Rahnema explique cette troisième « vie » par le fait que le mot pauvre aurait été utilisé comme un adjectif durant des millénaires jusqu’à l’apparition des sociétés d’échange. Était ainsi considérée comme pauvre toute chose dotée de qualités qui ne répondaient pas à ce que la société attendait d’elle. Un homme fortuné mais mesquin était ainsi considéré comme pauvre, de même que l’était un roi africain n’ayant pas suffisamment de bétail ou de domestiques. Par contre, ce même roi n’aurait jamais été considéré comme pauvre s’il avait toutes les qualités nécessaires à son rang mais qu’il ne portait pas de chaussures. Ainsi, durant très longtemps, les notions de « richesse » et de « pauvreté » n’ont pas relevé obligatoirement de la possession d’argent ou de biens.

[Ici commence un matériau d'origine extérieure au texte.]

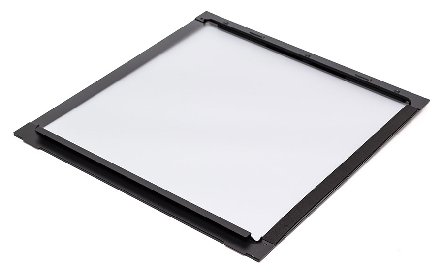 Толщина стекла составляет 4 мм. С обратной его стороны вверху и внизу приклеены металлические направляющие планки, а по бокам — мягкие прокладки.

De mon point de vue, il en est de même aujourd’hui. En effet, en me basant sur les propos recueillis lors des premières vagues d’interviews, je ne peux que constater que de multiples autres domaines sont mis en lumière, en dehors du domaine financier.

Cette perception, la perception basée sur la fortune, a évolué au fur et à mesure qu’augmentait la place accordée par les sociétés « économiques » à l’argent. Rahnema (2003) affirme que ce changement provoqua à son tour une rupture radicale dans la perception de la « richesse-pauvreté ».